Нынешний начальник рудника работал здесь уже давно – с конца войны. Он был кадровым офицером, прошедшим всю войну, комиссованным в звании капитана по причине контузии. Он так и не сменил военную форму на цивильный костюм, словно до сих пор ехал в военном эшелоне. По имени-отчеству его величали только на службе. Признавая его кристальную честность, его не любили и за глаза называли “бешеным”. В приступе не контролируемой ярости он мог избить любого. А зеки вообще старались избегать встреч с ним. Его дикие выходки сходили ему до сих пор с рук только в этих условиях удалённости и наличия “специфического контингента”.

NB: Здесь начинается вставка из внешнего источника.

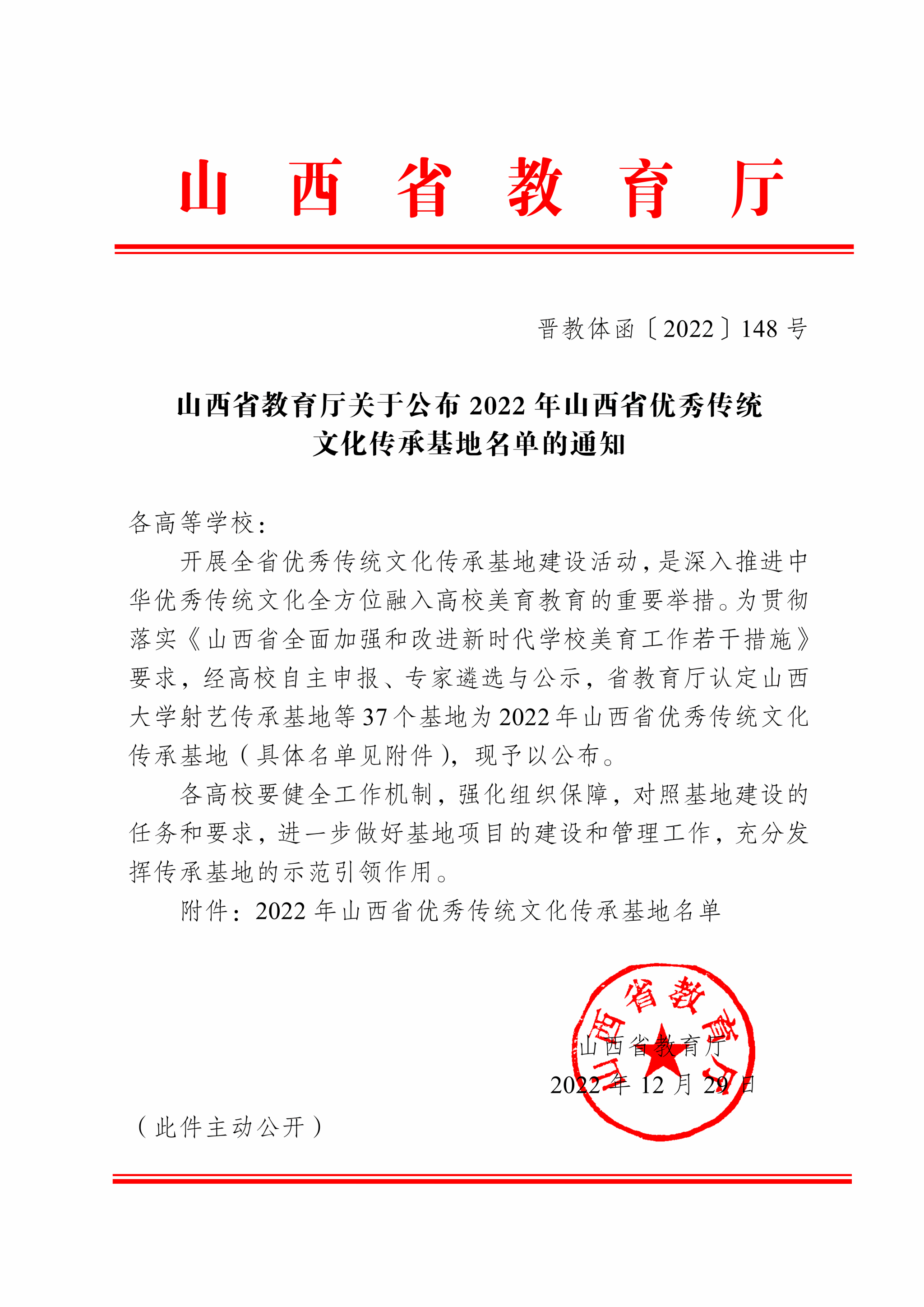近日,山西省教育厅发布《山西省教育厅关于公布2022年山西省优秀传统文化传承基地名单的通知》(晋教体函〔2022〕148号)文件通知,经全省各高校自主申报、省教育厅组织专家遴选与公示,共认定37个山西省优秀传统文化传承基地,万象城官网“形意拳”项目成功获批。

Я приступил к работе и постепенно обживался, знакомясь с людьми. Моим непосредственным начальником оказался интеллигентного вида инженер из бывших политзаключённых. Петра Сергеевича я до сих пор вспоминаю с теплотой. Мы часто посещали подземные работы и общались с рабочими и мастерами на местах. Мне не раз пришлось быть свидетелем того, как работяги разбегались и прятались кто-куда, узнав, что в шахту спустился “бешеный”. За малейшую провинность он мог спокойно двинуть в зубы. Заключенные ненавидели его, и он это знал.
Мне приходилось присутствовать на производственных совещаниях, которые проводил он сам. Это чаще всего происходило в последней декаде месяца, когда “горел” план.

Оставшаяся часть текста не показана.